2Data-Level Parallelism

SIMD architectures exploit Data-Level Parallelism (DLP) with simultaneous operation on multiple data streams. Instead of doing math on one number at a time, SIMD instructions instead do math on several numbers at a time, in a single clock cycle.

SIMD Addition: Figure 1 compares SIMD addition to scalar addition. On the scalar side, we fetch one add instruction and apply it to one pair of operands, A and B. On the SIMD side, we do a vector add: we stil fetch one add instruction, but now we perform vector addition, element by element, for both of the vectors A and B. For the eight-element vectors in Figure 1, vector addition therefore performs one addition (“single instruction”) on eight pairs of operands (“multiple data”) .

"TODO"

Figure 1:(left) SIMD addition; (right) Scalar addition.
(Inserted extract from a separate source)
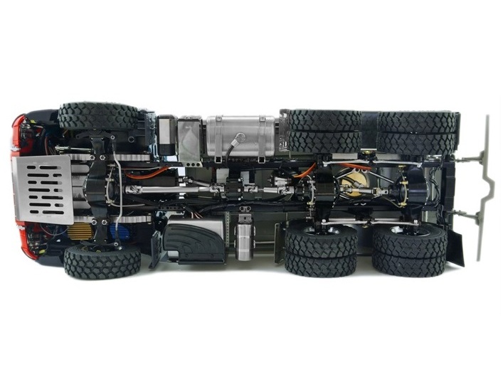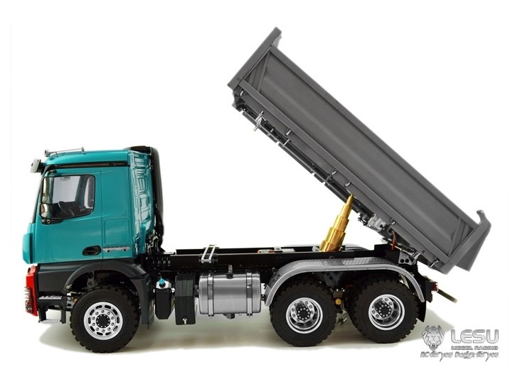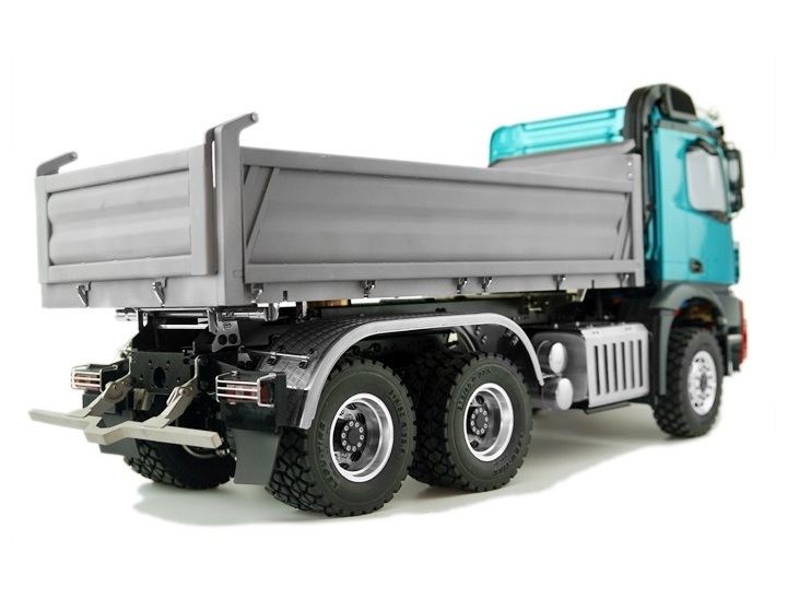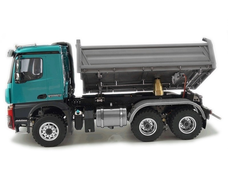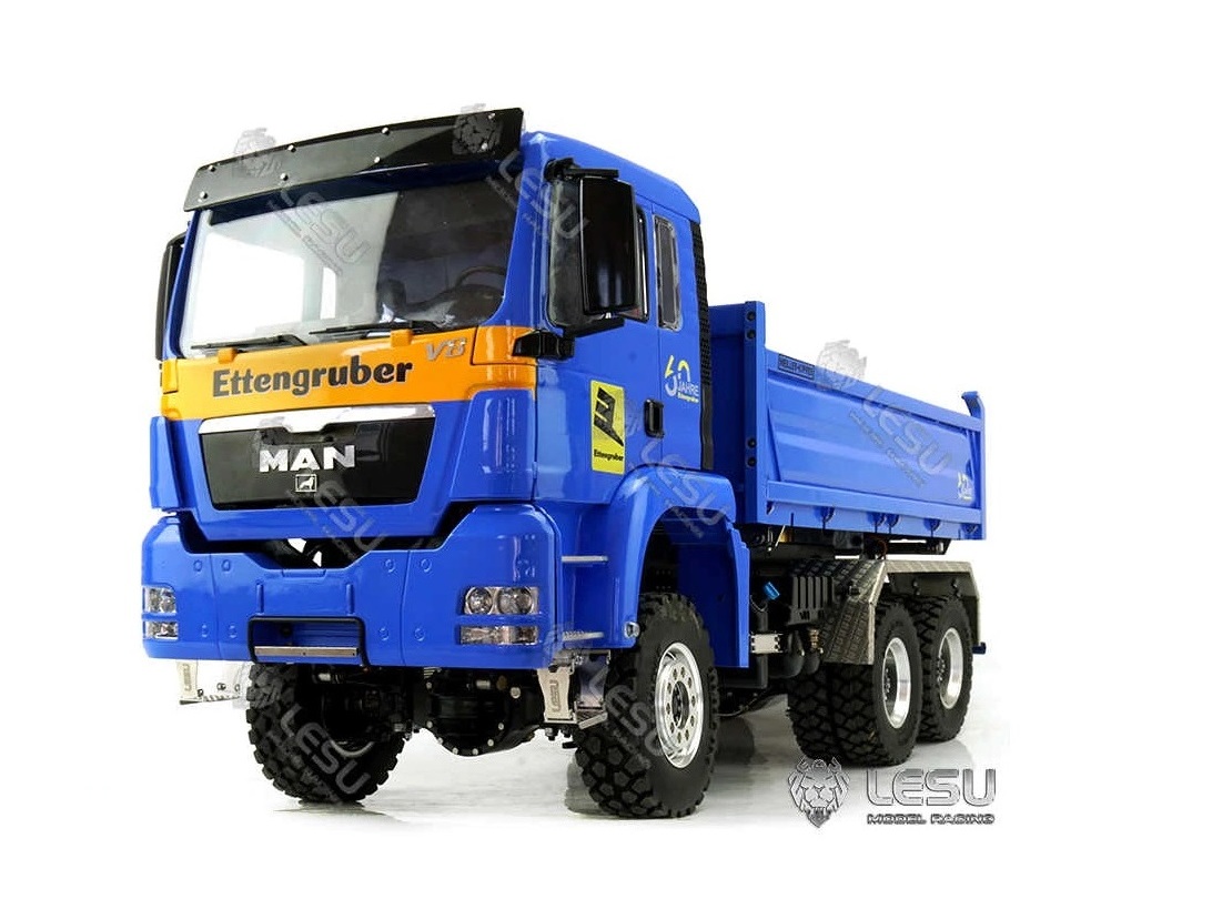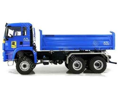 Dieser detaillierte Truck im MAN-Look verfügt über einen 6WD Antrieb mit hydraulisch betätigter Dreiseitenkippmulde im Tamiya-Massstab 1:14. Das Chassis und die Kippmulde wurden aus Aluminium gefertigt. Bis auf das Fahrerhaus ist das Modell komplett vormoniert.

SIMD multiplication: A common vector operation is to multiply some coefficient vector c by some data vector x, element-wise. While this can be accomplished in scalar mode with loops (Figure 2), vector multiplication would again load in one multiplication and apply it to multiple pairs of operands within vectors.

"TODO"

Figure 2:(left) SIMD multiplication; (right) Scalar multiplication.

3SIMD Architecture History

Vector architectures and SIMD architectures[1] have existed for a long time. The first noted SIMD machine was the TX-2 at MIT Lincoln Lab in 1957. The TX-2 had the ability to run full 36-bit-wide data, split it into two 17-bit operands, or split it into four nine-bit operands.[2]

"TODO"

Figure 3:First SIMD Extensions: MIT Lincoln Labs TX-2, 1957.

"TODO"

Figure 4:Memory Bank of the TX-2 Computer. MIT Lincoln Lab. source

4Intel SIMD Architectures

SIMD architectures saw wide commercial use when they were introduced on Intel computers in the late 1990s.[3] At the time, more consumers were running more multimedia applications on PCs[4]. These audio and video applications necessitated media applications, which typically involves one-dimensional vectors or two-dimensional matrices.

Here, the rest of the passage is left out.